The New York Times advised its staff to keep referring to W2, feeling that its successor could “only accelerate the deterioration of the mother tongue”. The National Review found W3 “big, expensive and ugly” and said it had “only one standard – inclusiveness”. The Journal of the American Bar Association called it “a flagrant example of lexicographic irresponsibility”, while the Richmond News Leader said that no school or library was compelled to buy it,* and that “no English teacher need respect its corruptions” [via]. Dwight Macdonald, in an influential savaging in the New Yorker, called it a “massacre” and wondered “where completeness ends and madness begins”. He said it had “made a sop of the solid structure of English, and encouraged the language to eat up himself”.

Solid structure? Himself?! At this point I need to remind myself that yes, he was writing about the English language.

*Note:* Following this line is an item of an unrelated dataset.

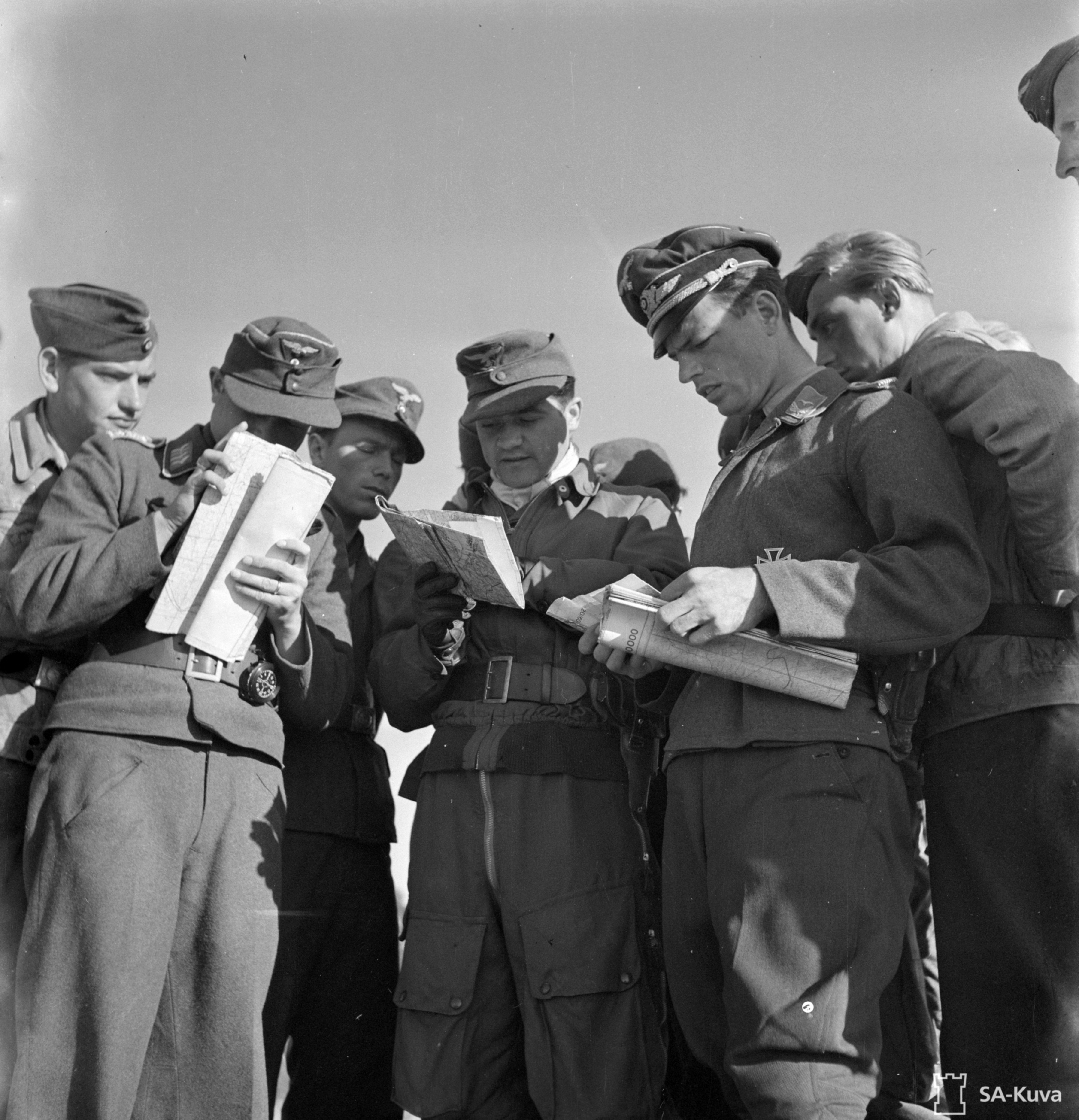 Aircrew Luftwaffe SG3 pilots study their maps at Immola for their next mission 2nd Jul 1944 03

A few critics were less caustic and appreciated W3’s non-judgemental approach and modern linguistic sense. (Though they generally had reservations too.) Mario Pei noted its “many commendable features”, predicting that it would “enjoy a healthy life, even if not too prolonged”, while Robert Burchfield described it as “a bold landmark fashioned to meet the needs of the present”. Ethel Strainchamps praised the dictionary in a St. Louis Post-Dispatch review, then wrote a follow-up article that addressed the shortcomings of some of the criticism. She believed the attacks suggested a “cultural lag”, about which more below.